SOURCE MATERIAL
------------------------------------------------------------------------

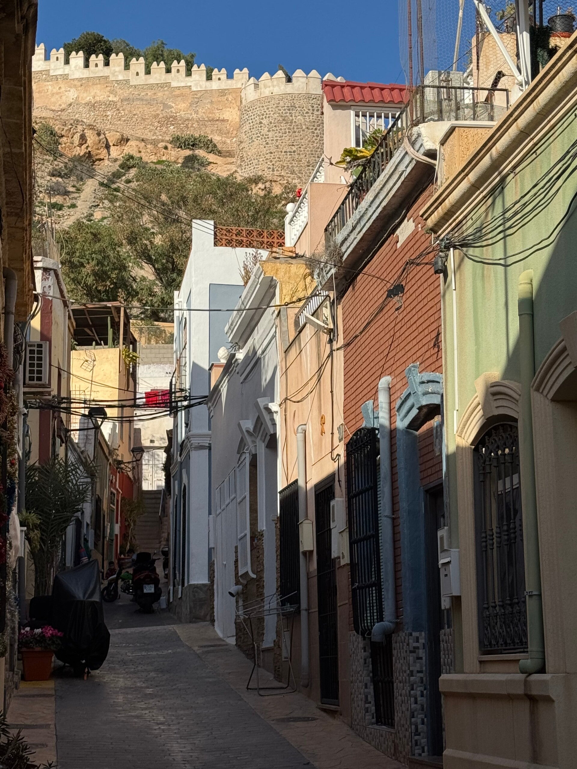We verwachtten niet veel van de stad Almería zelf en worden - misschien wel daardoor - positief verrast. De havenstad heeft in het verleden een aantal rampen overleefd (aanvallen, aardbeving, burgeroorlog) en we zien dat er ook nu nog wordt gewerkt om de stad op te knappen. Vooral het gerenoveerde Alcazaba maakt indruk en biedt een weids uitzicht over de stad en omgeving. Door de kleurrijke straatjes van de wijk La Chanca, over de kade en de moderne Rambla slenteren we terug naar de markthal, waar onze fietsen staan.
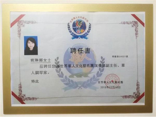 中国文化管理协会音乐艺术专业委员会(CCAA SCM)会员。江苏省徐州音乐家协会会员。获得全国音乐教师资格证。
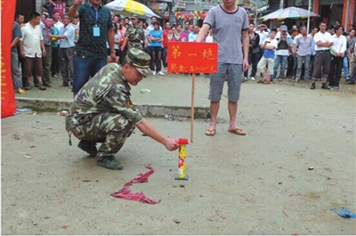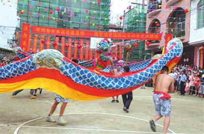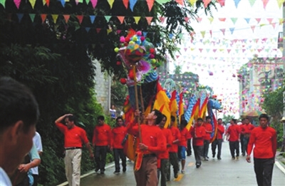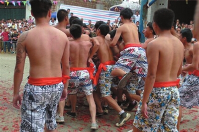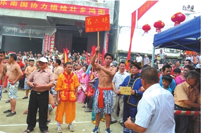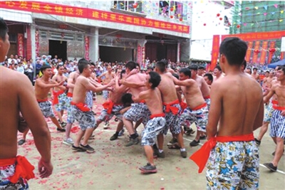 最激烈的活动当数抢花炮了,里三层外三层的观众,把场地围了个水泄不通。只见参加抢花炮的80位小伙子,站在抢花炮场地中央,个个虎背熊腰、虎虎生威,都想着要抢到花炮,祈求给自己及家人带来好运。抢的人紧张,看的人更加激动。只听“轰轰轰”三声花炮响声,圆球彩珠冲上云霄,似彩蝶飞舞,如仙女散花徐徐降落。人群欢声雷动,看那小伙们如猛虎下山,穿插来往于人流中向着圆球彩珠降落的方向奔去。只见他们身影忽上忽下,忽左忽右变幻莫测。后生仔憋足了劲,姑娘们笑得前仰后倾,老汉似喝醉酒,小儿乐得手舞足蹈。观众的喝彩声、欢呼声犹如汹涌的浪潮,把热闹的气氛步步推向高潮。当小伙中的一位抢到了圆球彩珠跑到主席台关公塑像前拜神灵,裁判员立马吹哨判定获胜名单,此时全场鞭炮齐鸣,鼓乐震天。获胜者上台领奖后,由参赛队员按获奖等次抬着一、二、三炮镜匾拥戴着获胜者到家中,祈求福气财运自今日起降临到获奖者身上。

------------------------------------------------------------------------

PROBLEM DETAILS
With the images removed, reproduce all the material above word for word.

PROBLEM SOLUTION
We verwachtten niet veel van de stad Almería zelf en worden - misschien wel daardoor - positief verrast. De havenstad heeft in het verleden een aantal rampen overleefd (aanvallen, aardbeving, burgeroorlog) en we zien dat er ook nu nog wordt gewerkt om de stad op te knappen. Vooral het gerenoveerde Alcazaba maakt indruk en biedt een weids uitzicht over de stad en omgeving. Door de kleurrijke straatjes van de wijk La Chanca, over de kade en de moderne Rambla slenteren we terug naar de markthal, waar onze fietsen staan.
 中国文化管理协会音乐艺术专业委员会(CCAA SCM)会员。江苏省徐州音乐家协会会员。获得全国音乐教师资格证。
 最激烈的活动当数抢花炮了,里三层外三层的观众,把场地围了个水泄不通。只见参加抢花炮的80位小伙子,站在抢花炮场地中央,个个虎背熊腰、虎虎生威,都想着要抢到花炮,祈求给自己及家人带来好运。抢的人紧张,看的人更加激动。只听“轰轰轰”三声花炮响声,圆球彩珠冲上云霄,似彩蝶飞舞,如仙女散花徐徐降落。人群欢声雷动,看那小伙们如猛虎下山,穿插来往于人流中向着圆球彩珠降落的方向奔去。只见他们身影忽上忽下,忽左忽右变幻莫测。后生仔憋足了劲,姑娘们笑得前仰后倾,老汉似喝醉酒,小儿乐得手舞足蹈。观众的喝彩声、欢呼声犹如汹涌的浪潮,把热闹的气氛步步推向高潮。当小伙中的一位抢到了圆球彩珠跑到主席台关公塑像前拜神灵,裁判员立马吹哨判定获胜名单,此时全场鞭炮齐鸣,鼓乐震天。获胜者上台领奖后,由参赛队员按获奖等次抬着一、二、三炮镜匾拥戴着获胜者到家中,祈求福气财运自今日起降临到获奖者身上。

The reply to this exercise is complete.